Luxembourg (Brussels Morning Newspaper) – The European Union’s General Court, on February 5, 2025, dismissed complaints by Poland over 320 million euros in damages it had to pay the European Union in 2022 and 2023 in a disagreement over judicial reforms.
On 1 April 2021, the European Commission launched an action for negligence to meet obligations before the Court of Justice against Poland, pursuing a declaration that particular legislative amendments to the organisation of the judicial system in Poland, assumed in December 2019, violated EU law.
What led to Poland’s €320m penalty by the EU?
In the practice of those proceedings, the Court directed Poland, inter alia, to stop the application of specific national provisions questioned by the EU Commission. Not having executed that interim standard, Poland was requested, on 27 October 2021, to pay the EU Commission a daily fine payment of one million euros.
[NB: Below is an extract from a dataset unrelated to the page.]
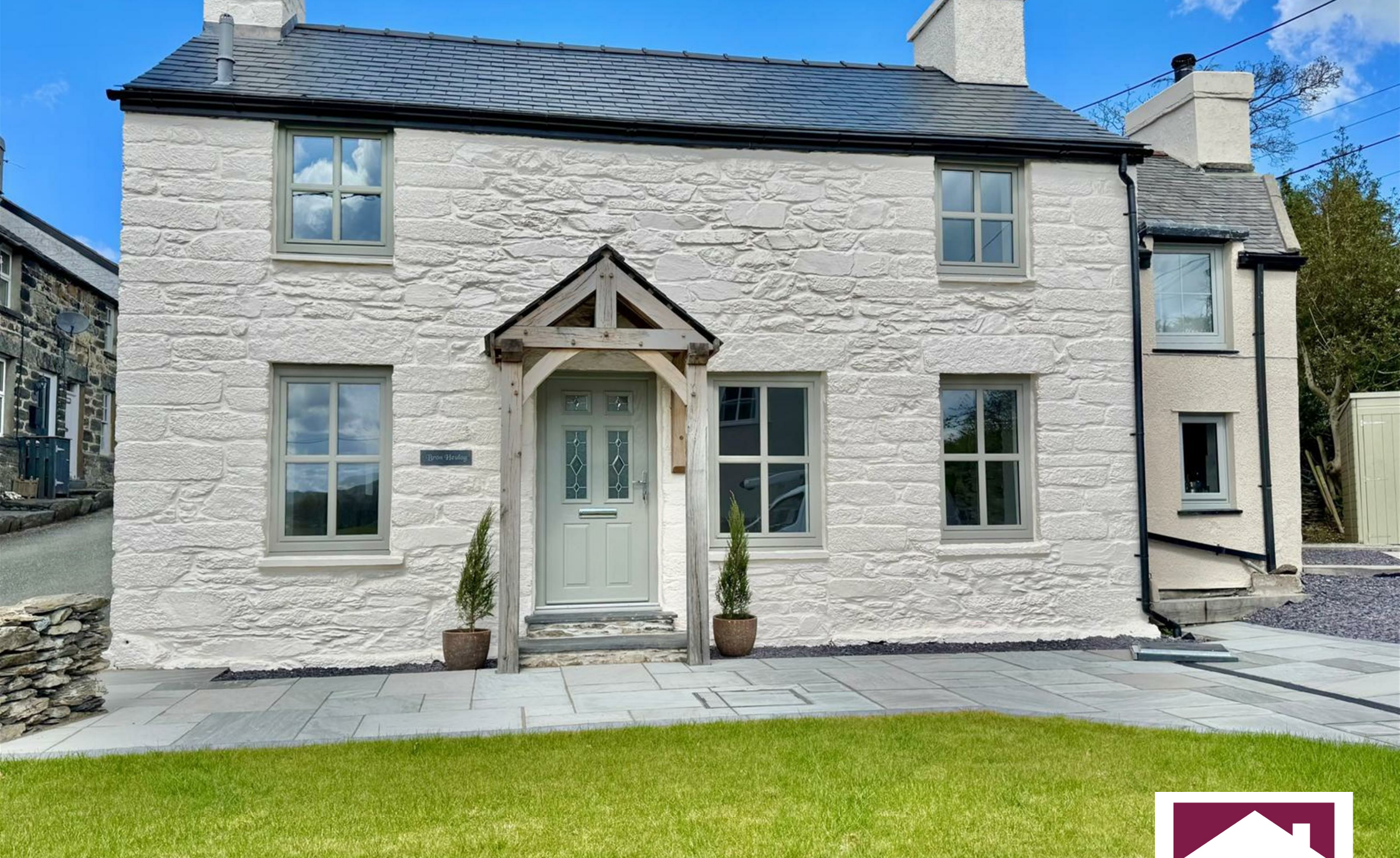
Bron Heulog Capel Garmon LL26 0RW

That daily fine payment started to run as of 3 November 2021.
Also, on 9 June 2022, with a view to yielding to the interim standard imposed by the Court of Justice, Poland assumed a Law. 5 On 21 April 2021, the Court of Justice declared that that legislative change allowed, to a considerable degree, that interim measure to be executed. Thus, the daily fine payment amount was lowered to €500,000 per day as of 21 April 2023.
Why did the EU fine Poland over judicial reforms?
According to an official statement of the Court of the Justice of the European Union,
“The General Court dismisses Poland’s actions in their entirety. In recovering the amounts payable, the Commission did not infringe EU law. The General Court notes, in particular, that neither the case law of the Polish Constitutional Court 11 nor the entry into force of the Law of 9 June 2022 enable the existence of the debt itself to be challenged. Consequently, they were not such as to affect the lawfulness of the set-off decisions.”